The appeal period will be extended only if you can show good cause for filing late. Good cause exists when you can show that the delay was due to circumstances beyond your control, which you could not have reasonably foreseen or prevented. An appeal that is filed late without good cause will be dismissed. If you are ever in doubt as to your right to appeal in any case, you should immediately inquire about such right and the time limitations involved.
If you disagree with any written determination you receive on a Family Leave Insurance claim filed with the State Plan or Family Leave During Unemployment Office, you may file an appeal. Each determination contains a written statement concerning your appeal rights. All appeals must be in writing and may be mailed, faxed or sent by e-mail.

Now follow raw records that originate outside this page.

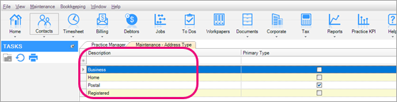 For addresses to flow correctly between AE/AO, Contacts and Corporate admin, you'll need to have the following Address Types configured in AE/AO.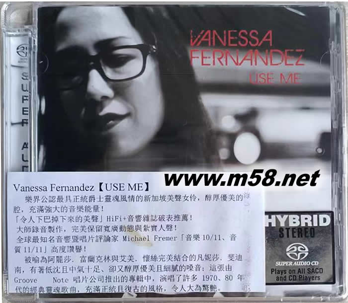 Use Me 令人驚嘆的聲音 SACD(m58.net) 樂界公認最具正統爵士靈魂風情的新加坡美聲女伶,醇厚優美的唱腔,充滿強大的音樂能量! ★「令人下巴掉下來的美聲」HiFi+音響雜誌破表推薦! ★ 大師錄音製作,完美保留寬廣動態與扎實人聲! ★ 全球最知名音響暨唱片評論家 Michael Fremer「音樂 10/11、音質 11/11」高度讚譽! 被喻為阿麗莎.富蘭克林與艾美.懷絲完美結合的凡妮莎.斐迪南,有著低沈且中氣十足、卻又醇厚優美且細膩的嗓音;這張由 Groove Note 唱片公司推出的專輯中,她在原音樂器純凈自然的伴奏下,演唱了許多 1970、80 年代的經典靈魂歌曲,充滿正統且復古的風格,令人大為驚艷。 這張由 Bernie Grundman 以類比真空管系統剪輯而成的作品,有著極為驚人的優異錄音效果,寬闊的音場中完美舒展出各種樂器的微小細節音色,人聲更是細膩而立體,最高品質 SACD 壓片更使得絕佳的錄音效果得以全面綻放。且相對於其他發燒片,本片的音樂性更是獲得評論者極高的讚譽,除卻凡妮莎.斐迪南本身高超的歌唱技巧,一群洛杉磯優秀音樂家的演出,更讓整體音樂充滿活力與獨特的生命,不僅是測試系統的最佳選擇,更是一份值得珍藏的藝術杰作!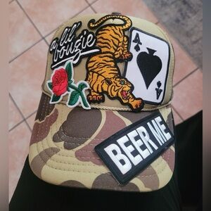 This stylish hat combines tan and yellow tones with intricate embroidered designs on the front panel, creating a unique and eye-catching accessory. The decorative elements add a touch of personality, making it a standout piece in any collection. Ideal for those looking to make a bold fashion statement.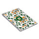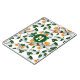This soccer themed spiral notebook features a pattern of randomly arranged green, orange and white soccer balls in varying sizes turned every which way on a white background - player name and monogram or jersey number are customisable - by katz_d_zynes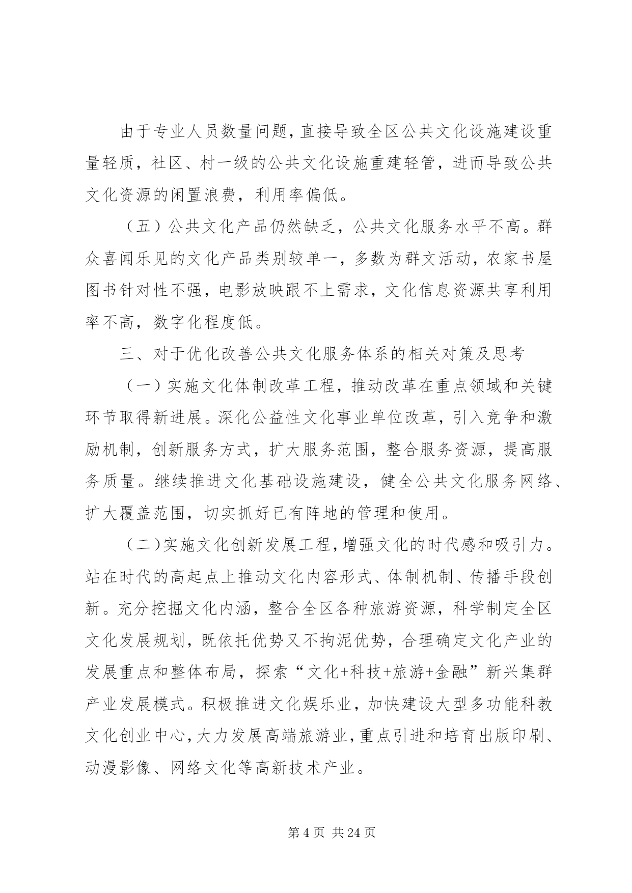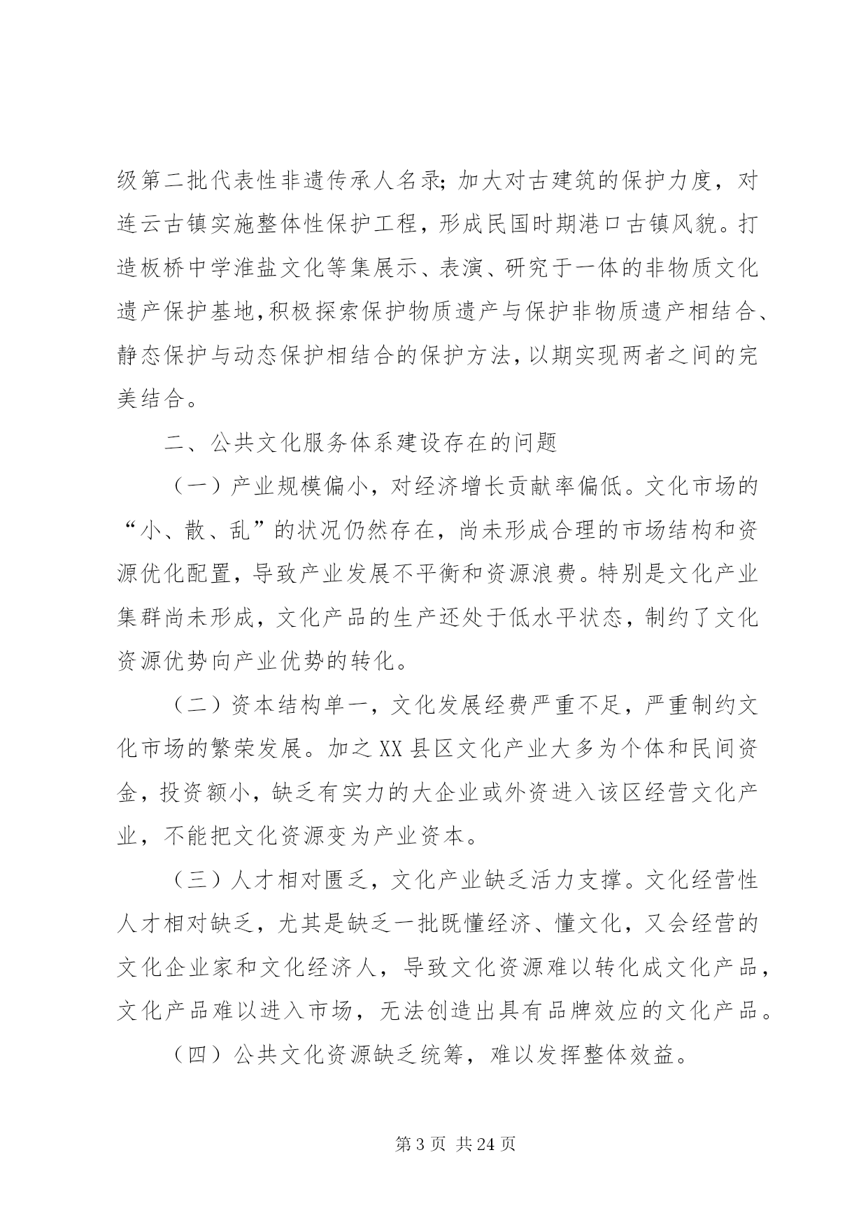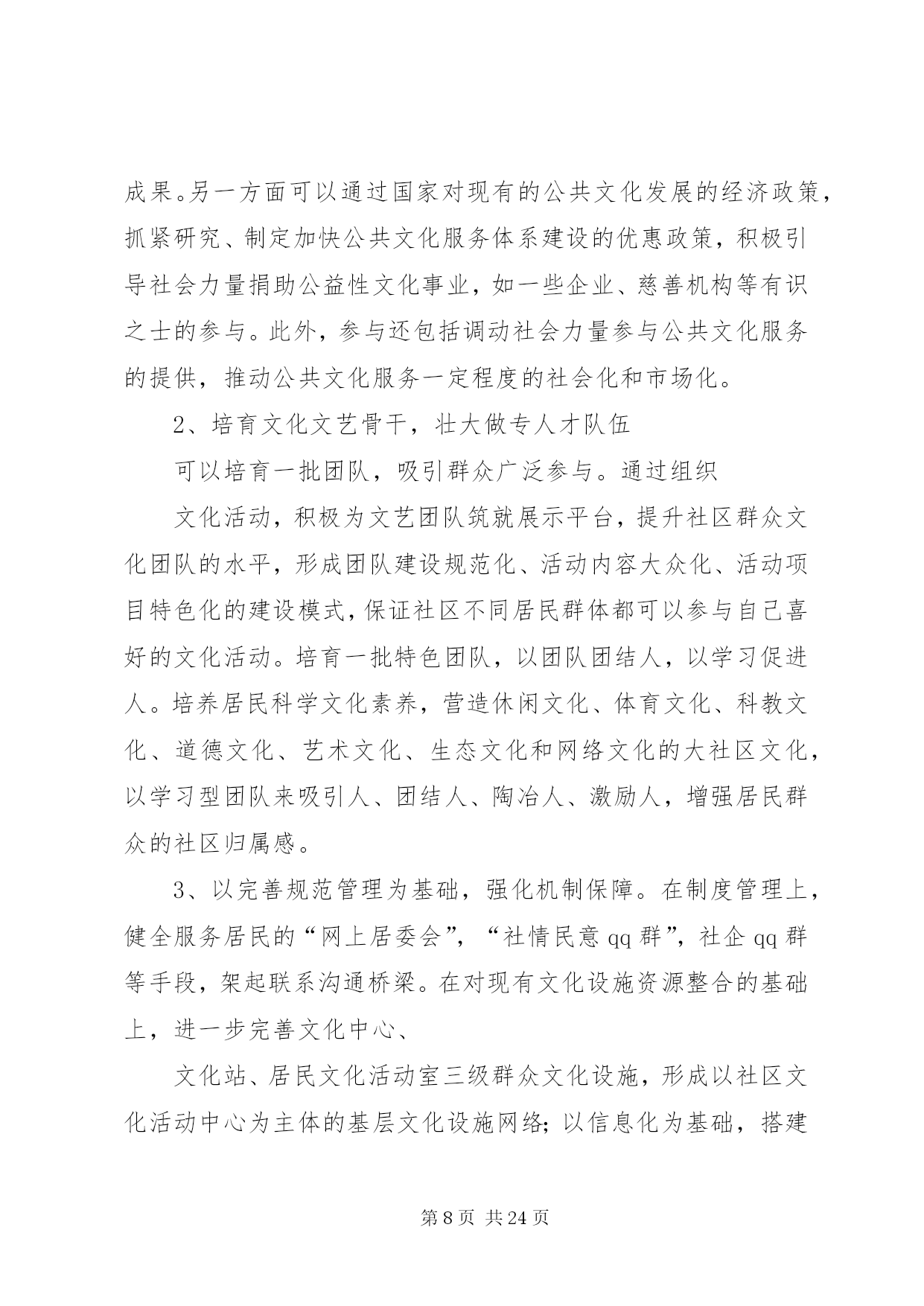 第PAGE\*Arabic\*MERGEFORMAT24页共NUMPAGES\*MERGEFORMAT24页公共文化服务体系的现状及思考关键词:XX县区;公共文化服务体系;现状及思考一、XX县区公共文化服务体系的现状(一)文化基础设施建设逐步改善,公共文化设施网络日益健全近几年来,全区新建、改扩建乡镇文化站、街道文化中心7个,社区文化活动中心24个,村级文化室19个,解决了乡镇、街道文化工作无房和面积不达标问题,形成了“区有两馆、乡有一站、村有一室”的三级文化设施体系,基本实现了阵地、网络和内容的三大覆盖。2010年以来,该区在多点分别建立8个全国文化共享工程基层服务点,在全市率先实现全覆盖。(二)公共文化服务的方式更加丰富,群众文化生活日趋多彩近年来,XX县区坚持以“五大文化”建设、“九大系列活动”的开展带动城乡统筹发展。利用城乡共建文化先进村、“三下乡”等活动载体,实施文化惠民工程。开展送书送戏送电影下乡活动,组织文艺工作者为群众演出,使政府对文体事业的投入直接转化为百姓受益。为积极推进“五大”文化建设,不断丰富城乡群众的精神文化生活,XX县区定期举办夏季海滨广场文化活动、社区艺术节、中老年艺术节、企业文化节、幼儿文化艺术节、全民读书节、全民健身等“九大”文化系列活动。2006年迄今,已组织文化活动400多场。在弱势群体和特殊人群的基本文化服务权益方面,全区各类公共文化设施免费向农民工、老人、儿童和残疾人开放,设置方便残障人士以及老年人、少年儿童的活动区域和服务项目。区各级公共文化设施电子阅览室为社会公众提供免费上网服务时间每周不少于42小时,区图书馆每周开放时间不少于56小时,文化馆(站)每周开放时间不少于42小时。(三)精神文化产品创作成果丰硕,公共文化服务水平不断提高文化馆、图书馆、各乡街文化站等公共文化单位能发挥自身功能,积极转变机制,增强活力,改善服务,不断完善免费或优惠开放制度、服务公示制度,为广大群众提供内容丰富、形式多样的文化服务,大力实施文艺精品工程,以《魅力连云港》、《青春云港》为代表的一批反映连云港新面貌、新气象的作品相继问世。涌现出一大批以笛子独奏《渔家春来早》、油画《在路上》、表演唱《走进新家园》、儿童快板《美丽家乡换新颜》等为代表的在省、市名列前茅的精品力作。(四)政府主导与社会参与相结合,民间文化得到开发与保护目前,该区有1人入选省级第三批代表性非遗传承人名录,实现了省级“非遗”项目宿城云雾茶的产业化发展;4人入选市级第二批代表性非遗传承人名录;加大对古建筑的保护力度,对连云古镇实施整体性保护工程,形成民国时期港口古镇风貌。打造板桥中学淮盐文化等集展示、表演、研究于一体的非物质文化遗产保护基地,积极探索保护物质遗产与保护非物质遗产相结合、静态保护与动态保护相结合的保护方法,以期实现两者之间的完美结合。二、公共文化服务体系建设存在的问题(一)产业规模偏小,对经济增长贡献率偏低。文化市场的“小、散、乱”的状况仍然存在,尚未形成合理的市场结构和资源优化配置,导致产业发展不平衡和资源浪费。特别是文化产业集群尚未形成,文化产品的生产还处于低水平状态,制约了文化资源优势向产业优势的转化。(二)资本结构单一,文化发展经费严重不足,严重制约文化市场的繁荣发展。加之XX县区文化产业大多为个体和民间资金,投资额小,缺乏有实力的大企业或外资进入该区经营文化产业,不能把文化资源变为产业资本。(三)人才相对匮乏,文化产业缺乏活力支撑。文化经营性人才相对缺乏,尤其是缺乏一批既懂经济、懂文化,又会经营的文化企业家和文化经济人,导致文化资源难以转化成文化产品,文化产品难以进入市场,无法创造出具有品牌效应的文化产品。(四)公共文化资源缺乏统筹,难以发挥整体效益。由于专业人员数量问题,直接导致全区公共文化设施建设重量轻质,社区、村一级的公共文化设施重建轻管,进而导致公共文化资源的闲置浪费,利用率偏低。(五)公共文化产品仍然缺乏,公共文化服务水平不高。群众喜闻乐见的文化产品类别较单一,多数为群文活动,农家书屋图书针对性不强,电影放映跟不上需求,文化信息资源共享利用率不高,数字化程度低。三、对于优化改善公共文化服务体系的相关对策及思考(一)实施文化体制改革工程,推动改革在重点领域和关键环节取得新进展。深化公益性文化事业单位改革,引入竞争和激励机制,创新服务方式,扩大服务范围,整合服务资源,提高服务质量。继续推进文化基础设施建设,健全公共文化服务网络、扩大覆盖范围,切实抓好已有阵地的管理和使用。(二)实施文化创新发展工程,增强文化的时代感和吸引力。站在时代的高起点上推动文化内容形式、体制机制、传播手段创新。充分挖掘文化内涵,整合全区各种旅游资源,科学制定全区文化发展规划,既依托优势又不拘泥优势,合理确定文化产

The appeal request must be received or postmarked within seven days after delivery of the determination or 10 days after the date of mailing of the determination, except an appeal from a Demand for Refund. An appeal from a Demand for Refund must be received or postmarked within 20 calendar days after delivery of the notice or 24 days after the mailing date of the notice.
When an appeal is filed, you will be notified by mail of the date, time and location from which the appeal hearing will be conducted. Your participation in a telephone hearing with an Appeal Tribunal examiner will not cost you anything. It is not necessary to have an attorney present at the hearing, but you may be represented by an attorney or anyone else you choose. You will receive the results of the hearing by mail.
If you disagree with the determination made by the private plan insurance carrier, you have the right to appeal to the Division of Temporary Disability Insurance. You have one year from the start of your period of family leave to file your appeal of a Private Plan decision.